Data block:
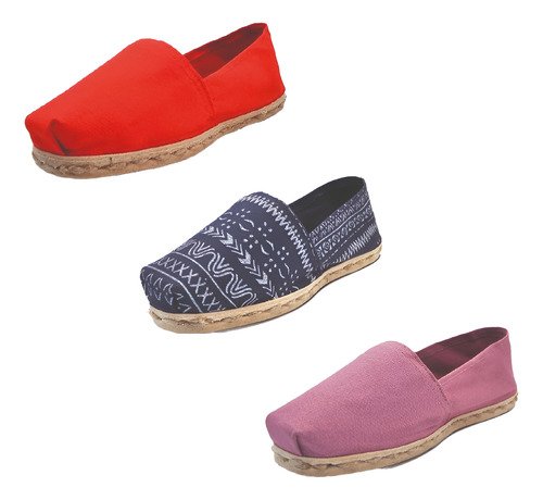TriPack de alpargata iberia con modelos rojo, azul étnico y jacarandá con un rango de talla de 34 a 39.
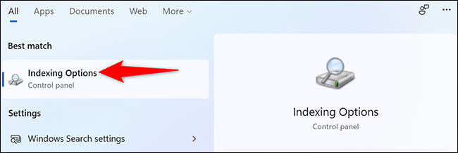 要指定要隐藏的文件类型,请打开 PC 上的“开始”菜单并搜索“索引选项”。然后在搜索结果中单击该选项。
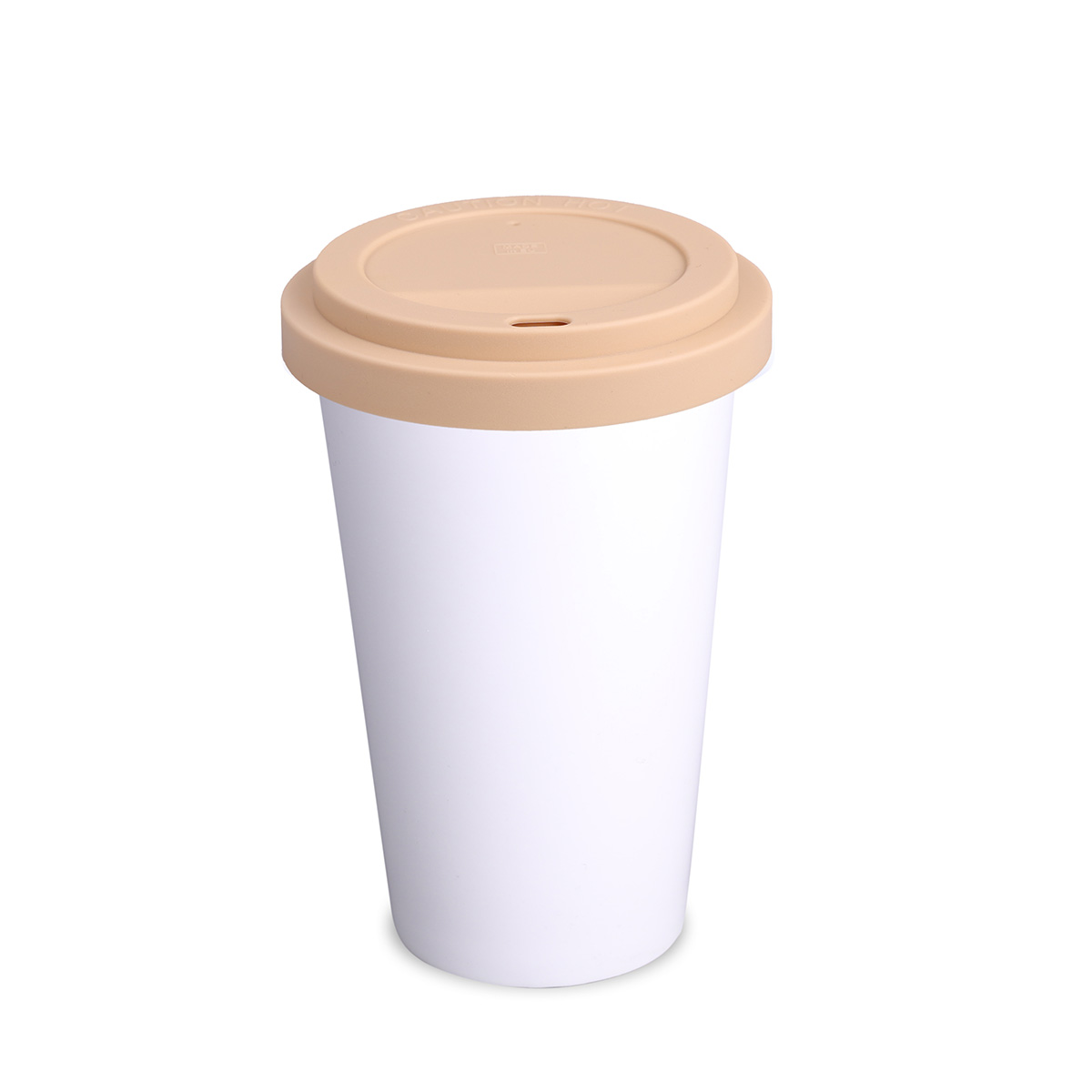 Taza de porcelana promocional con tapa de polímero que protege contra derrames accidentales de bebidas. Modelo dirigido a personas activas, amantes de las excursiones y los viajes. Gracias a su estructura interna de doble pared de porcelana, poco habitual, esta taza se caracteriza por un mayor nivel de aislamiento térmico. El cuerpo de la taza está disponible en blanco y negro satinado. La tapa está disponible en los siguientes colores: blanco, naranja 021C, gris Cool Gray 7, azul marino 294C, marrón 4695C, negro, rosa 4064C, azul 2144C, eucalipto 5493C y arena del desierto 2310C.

What to work on: Transcribe all the material exactly; skip every image.

Answer for this exercise:
TriPack de alpargata iberia con modelos rojo, azul étnico y jacarandá con un rango de talla de 34 a 39.
 要指定要隐藏的文件类型,请打开 PC 上的“开始”菜单并搜索“索引选项”。然后在搜索结果中单击该选项。
 Taza de porcelana promocional con tapa de polímero que protege contra derrames accidentales de bebidas. Modelo dirigido a personas activas, amantes de las excursiones y los viajes. Gracias a su estructura interna de doble pared de porcelana, poco habitual, esta taza se caracteriza por un mayor nivel de aislamiento térmico. El cuerpo de la taza está disponible en blanco y negro satinado. La tapa está disponible en los siguientes colores: blanco, naranja 021C, gris Cool Gray 7, azul marino 294C, marrón 4695C, negro, rosa 4064C, azul 2144C, eucalipto 5493C y arena del desierto 2310C.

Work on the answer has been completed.